The image above is a summary of the risk analysis produced by participants of the recent Inform USA Virtual Conference. We identified a range of use cases, discussed their potential benefits and risks, and then polled participants on their perspective on each. This is a rough average of the aggregate results of our live dynamic poll.

This was only the beginning of what will be an ongoing dialogue, but we can already see some themes emerge: the closer an AI technology gets to an “end user” – a help-seeker, a service provider trying to help a help-seeker, any untrained eye – the more risky it is. Meanwhile, use cases that help trained professionals analyze language across large datasets, for instance, present relatively lower risks. With this insight, we can start developing a framework for responsible use of algorithmic technologies. 

We’ll pick up there in the next and final (for now) post in this series – in which I’ll talk about the challenge and opportunities of “putting humans in the loop” with AI. In that next post, I’ll lay out some initial suggestions about what AI means for the future of I&R. 

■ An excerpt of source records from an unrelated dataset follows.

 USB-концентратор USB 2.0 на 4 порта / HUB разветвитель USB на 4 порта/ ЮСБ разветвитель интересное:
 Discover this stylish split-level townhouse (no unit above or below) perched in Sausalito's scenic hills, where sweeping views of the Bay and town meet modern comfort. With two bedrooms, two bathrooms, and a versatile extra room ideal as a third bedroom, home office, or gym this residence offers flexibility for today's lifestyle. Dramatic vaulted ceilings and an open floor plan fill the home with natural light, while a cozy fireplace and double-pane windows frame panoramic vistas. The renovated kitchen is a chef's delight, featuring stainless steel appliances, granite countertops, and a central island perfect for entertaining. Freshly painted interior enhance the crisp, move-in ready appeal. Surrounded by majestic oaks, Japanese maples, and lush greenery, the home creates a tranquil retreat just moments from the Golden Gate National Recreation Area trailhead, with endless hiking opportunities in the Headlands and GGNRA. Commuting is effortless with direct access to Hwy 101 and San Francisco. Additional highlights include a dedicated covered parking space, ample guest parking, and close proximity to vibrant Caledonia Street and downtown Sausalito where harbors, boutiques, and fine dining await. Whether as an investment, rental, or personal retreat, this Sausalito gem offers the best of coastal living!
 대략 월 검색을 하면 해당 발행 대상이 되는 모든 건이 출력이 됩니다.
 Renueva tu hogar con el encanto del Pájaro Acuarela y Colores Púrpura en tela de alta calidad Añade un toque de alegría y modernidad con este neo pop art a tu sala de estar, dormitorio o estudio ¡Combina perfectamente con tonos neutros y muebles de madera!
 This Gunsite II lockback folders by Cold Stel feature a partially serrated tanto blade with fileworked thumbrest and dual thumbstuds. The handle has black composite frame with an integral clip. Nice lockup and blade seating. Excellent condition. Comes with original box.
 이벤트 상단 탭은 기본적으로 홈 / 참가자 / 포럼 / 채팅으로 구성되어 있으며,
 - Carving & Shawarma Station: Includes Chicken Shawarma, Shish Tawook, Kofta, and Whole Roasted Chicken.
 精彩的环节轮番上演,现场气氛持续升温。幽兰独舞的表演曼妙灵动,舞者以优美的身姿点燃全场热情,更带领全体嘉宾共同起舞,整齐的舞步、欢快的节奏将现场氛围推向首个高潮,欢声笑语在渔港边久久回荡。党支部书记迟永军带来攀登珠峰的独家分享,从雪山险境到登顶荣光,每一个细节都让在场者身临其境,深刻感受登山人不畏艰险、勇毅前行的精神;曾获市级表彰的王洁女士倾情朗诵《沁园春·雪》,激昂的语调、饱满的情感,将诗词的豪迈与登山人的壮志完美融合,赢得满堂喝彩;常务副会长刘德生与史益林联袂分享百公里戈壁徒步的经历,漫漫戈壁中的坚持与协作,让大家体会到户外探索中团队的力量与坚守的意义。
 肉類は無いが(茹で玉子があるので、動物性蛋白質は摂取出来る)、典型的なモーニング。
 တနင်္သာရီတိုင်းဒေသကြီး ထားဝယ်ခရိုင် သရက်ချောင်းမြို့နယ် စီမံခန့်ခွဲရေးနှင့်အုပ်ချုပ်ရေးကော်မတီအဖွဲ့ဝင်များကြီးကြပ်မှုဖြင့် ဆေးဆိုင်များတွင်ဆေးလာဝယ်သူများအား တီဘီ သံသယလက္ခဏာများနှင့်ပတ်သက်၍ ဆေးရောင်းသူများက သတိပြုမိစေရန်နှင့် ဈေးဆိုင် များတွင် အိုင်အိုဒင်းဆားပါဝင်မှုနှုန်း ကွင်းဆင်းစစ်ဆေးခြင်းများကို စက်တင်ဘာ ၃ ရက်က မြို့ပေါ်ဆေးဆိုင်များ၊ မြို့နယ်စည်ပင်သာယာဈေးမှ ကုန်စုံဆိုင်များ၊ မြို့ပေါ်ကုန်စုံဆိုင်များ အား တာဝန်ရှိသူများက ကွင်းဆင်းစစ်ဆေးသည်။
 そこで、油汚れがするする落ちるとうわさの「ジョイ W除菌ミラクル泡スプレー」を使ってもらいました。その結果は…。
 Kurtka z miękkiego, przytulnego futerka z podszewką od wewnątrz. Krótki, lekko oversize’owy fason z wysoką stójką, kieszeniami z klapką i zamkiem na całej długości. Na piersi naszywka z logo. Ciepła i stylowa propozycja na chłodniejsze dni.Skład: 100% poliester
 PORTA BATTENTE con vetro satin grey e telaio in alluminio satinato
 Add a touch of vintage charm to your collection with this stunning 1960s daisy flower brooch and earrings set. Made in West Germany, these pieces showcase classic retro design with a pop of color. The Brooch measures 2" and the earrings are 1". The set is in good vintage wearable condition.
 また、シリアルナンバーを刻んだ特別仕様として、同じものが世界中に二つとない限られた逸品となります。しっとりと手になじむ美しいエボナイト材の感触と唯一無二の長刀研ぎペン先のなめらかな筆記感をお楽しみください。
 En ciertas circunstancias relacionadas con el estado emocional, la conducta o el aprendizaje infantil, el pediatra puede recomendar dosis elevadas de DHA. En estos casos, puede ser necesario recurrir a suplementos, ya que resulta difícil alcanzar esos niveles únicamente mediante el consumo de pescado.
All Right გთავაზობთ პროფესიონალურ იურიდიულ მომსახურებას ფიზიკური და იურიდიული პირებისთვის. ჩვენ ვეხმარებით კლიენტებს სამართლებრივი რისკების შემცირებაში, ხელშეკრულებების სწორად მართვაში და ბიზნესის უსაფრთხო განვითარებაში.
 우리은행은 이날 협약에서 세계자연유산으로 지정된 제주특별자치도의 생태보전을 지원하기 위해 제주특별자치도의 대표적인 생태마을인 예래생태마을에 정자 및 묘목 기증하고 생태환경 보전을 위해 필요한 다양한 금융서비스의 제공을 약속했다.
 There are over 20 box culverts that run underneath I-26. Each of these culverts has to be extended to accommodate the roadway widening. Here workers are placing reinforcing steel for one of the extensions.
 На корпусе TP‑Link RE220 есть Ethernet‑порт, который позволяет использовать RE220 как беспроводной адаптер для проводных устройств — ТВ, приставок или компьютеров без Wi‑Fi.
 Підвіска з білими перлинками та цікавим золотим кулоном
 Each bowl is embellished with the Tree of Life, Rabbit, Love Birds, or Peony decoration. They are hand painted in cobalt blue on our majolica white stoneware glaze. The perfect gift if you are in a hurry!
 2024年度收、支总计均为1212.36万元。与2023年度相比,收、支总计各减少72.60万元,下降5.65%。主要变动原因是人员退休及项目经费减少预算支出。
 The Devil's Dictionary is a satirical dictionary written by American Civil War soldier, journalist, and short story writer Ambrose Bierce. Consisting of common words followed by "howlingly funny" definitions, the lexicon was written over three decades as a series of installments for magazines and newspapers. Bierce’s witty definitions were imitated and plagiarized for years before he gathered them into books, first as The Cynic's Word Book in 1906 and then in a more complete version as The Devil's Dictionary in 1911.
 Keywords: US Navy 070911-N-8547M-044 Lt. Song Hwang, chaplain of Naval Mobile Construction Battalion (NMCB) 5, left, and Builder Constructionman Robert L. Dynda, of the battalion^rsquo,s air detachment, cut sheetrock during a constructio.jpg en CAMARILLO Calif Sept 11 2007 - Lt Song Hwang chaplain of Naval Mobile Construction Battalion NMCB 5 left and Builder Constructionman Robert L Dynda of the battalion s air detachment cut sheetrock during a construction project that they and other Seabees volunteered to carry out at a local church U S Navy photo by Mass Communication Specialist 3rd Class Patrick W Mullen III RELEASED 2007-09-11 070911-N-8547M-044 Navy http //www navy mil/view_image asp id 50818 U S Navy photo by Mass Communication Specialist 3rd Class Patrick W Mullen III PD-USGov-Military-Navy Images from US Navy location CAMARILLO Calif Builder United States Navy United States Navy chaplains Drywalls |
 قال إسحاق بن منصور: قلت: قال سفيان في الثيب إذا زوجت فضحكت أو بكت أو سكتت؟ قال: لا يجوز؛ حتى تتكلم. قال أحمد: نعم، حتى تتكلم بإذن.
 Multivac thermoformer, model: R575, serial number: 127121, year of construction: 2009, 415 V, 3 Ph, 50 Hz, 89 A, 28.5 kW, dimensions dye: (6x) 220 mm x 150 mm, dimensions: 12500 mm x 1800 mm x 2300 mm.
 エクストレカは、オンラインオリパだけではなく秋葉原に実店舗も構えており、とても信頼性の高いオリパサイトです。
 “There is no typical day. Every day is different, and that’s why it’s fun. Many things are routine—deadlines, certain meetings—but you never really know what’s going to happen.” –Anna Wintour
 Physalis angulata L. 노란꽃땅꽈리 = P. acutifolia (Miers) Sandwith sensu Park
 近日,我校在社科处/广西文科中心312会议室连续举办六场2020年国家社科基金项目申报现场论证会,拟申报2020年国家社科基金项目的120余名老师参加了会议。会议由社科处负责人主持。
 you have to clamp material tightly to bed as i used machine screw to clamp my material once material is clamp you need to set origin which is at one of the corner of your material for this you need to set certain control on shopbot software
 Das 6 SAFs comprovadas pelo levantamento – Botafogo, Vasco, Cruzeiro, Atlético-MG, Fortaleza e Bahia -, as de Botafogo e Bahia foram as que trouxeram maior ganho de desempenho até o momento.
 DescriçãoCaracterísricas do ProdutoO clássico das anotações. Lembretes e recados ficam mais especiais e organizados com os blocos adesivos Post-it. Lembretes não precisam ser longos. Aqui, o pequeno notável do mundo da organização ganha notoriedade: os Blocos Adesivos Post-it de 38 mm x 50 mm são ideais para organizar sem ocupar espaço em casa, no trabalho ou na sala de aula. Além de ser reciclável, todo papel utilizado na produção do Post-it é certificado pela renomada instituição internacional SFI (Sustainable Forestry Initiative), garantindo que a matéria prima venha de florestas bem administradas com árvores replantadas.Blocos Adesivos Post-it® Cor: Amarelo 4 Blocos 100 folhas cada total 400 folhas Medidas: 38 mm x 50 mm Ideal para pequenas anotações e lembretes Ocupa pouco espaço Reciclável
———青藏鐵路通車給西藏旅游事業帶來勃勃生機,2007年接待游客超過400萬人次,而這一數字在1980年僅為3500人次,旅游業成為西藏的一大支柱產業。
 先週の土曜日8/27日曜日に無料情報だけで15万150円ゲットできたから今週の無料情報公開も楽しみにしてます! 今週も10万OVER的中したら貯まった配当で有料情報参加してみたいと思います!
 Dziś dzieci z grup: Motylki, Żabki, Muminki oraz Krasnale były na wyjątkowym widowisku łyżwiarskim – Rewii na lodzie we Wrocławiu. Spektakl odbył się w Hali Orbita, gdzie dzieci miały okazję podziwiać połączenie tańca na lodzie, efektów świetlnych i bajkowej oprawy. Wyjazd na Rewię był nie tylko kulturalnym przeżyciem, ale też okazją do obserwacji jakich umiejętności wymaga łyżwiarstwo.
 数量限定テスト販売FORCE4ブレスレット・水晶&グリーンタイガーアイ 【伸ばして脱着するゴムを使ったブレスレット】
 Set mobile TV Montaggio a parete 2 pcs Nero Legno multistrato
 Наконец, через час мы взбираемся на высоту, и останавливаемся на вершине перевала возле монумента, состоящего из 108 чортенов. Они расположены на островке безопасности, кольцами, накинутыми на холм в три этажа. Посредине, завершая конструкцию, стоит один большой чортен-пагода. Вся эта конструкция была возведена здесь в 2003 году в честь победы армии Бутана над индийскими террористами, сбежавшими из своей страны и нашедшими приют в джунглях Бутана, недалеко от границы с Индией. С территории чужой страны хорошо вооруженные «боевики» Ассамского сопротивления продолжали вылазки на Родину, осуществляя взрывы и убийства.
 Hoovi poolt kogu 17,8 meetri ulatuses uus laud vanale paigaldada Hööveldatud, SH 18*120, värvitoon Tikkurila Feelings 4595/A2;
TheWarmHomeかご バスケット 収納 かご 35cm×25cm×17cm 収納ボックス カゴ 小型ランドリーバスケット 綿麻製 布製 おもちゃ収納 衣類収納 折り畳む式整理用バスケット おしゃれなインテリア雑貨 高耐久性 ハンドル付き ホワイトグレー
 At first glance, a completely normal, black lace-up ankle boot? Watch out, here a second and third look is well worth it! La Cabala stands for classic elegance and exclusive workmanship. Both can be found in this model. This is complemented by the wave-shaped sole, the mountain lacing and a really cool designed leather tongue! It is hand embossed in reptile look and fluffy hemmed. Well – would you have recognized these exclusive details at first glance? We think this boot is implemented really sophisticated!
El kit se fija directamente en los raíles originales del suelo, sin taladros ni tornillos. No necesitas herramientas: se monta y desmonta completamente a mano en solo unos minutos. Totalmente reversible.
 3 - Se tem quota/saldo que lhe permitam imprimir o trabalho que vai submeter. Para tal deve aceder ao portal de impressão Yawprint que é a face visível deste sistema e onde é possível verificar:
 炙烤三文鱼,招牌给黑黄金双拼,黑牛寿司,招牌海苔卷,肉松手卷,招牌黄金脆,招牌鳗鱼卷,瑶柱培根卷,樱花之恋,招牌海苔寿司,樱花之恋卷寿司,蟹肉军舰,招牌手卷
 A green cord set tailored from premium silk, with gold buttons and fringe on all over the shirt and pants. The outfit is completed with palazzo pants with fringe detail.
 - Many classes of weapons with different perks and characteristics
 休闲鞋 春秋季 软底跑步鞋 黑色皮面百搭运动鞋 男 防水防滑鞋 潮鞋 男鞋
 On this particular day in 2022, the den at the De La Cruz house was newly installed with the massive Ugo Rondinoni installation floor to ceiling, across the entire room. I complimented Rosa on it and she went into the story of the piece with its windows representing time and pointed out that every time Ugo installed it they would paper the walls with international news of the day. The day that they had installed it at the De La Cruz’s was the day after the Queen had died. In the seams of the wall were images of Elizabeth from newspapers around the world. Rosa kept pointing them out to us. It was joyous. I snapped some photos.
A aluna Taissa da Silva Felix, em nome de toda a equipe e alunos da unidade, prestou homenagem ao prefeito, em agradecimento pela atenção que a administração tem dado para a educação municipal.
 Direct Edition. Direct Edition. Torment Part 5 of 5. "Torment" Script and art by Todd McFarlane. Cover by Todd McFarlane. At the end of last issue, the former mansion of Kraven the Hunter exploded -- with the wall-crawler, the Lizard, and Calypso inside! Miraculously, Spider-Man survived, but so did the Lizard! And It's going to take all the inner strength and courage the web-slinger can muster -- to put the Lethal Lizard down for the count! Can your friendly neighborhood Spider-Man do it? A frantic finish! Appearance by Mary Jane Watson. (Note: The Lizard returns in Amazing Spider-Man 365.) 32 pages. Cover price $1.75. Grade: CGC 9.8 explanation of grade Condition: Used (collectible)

In the meantime, we’d like you to get involved in this discussion. Let us know what you think in the comments. Join other I&R providers in Inform USA’s membership Networker. Book time with me during Office Hours. And you can express interest in advising our emerging Inform USA AI Task Force.

These are exciting times – and the best way to undertake this journey is to do so together!


  1. Rather than “hallucinations,” there is another term can better help us understand the potential risks of this kind of technology – as best defined in Harry Frankfurt’s classic philosophical text on the matter from 1986, On Bullshit: b.s. is speech that is intended to persuade without regard for truth. A key attribute of b.s. is that it may be technically true. Or it may not! As Frankfurt warns us, the source of b.s. simply doesn’t care. So we can best understand “AI” technologies to be, essentially, massive B.S. machines. (Since I gave my presentation, this article was published making this very point.)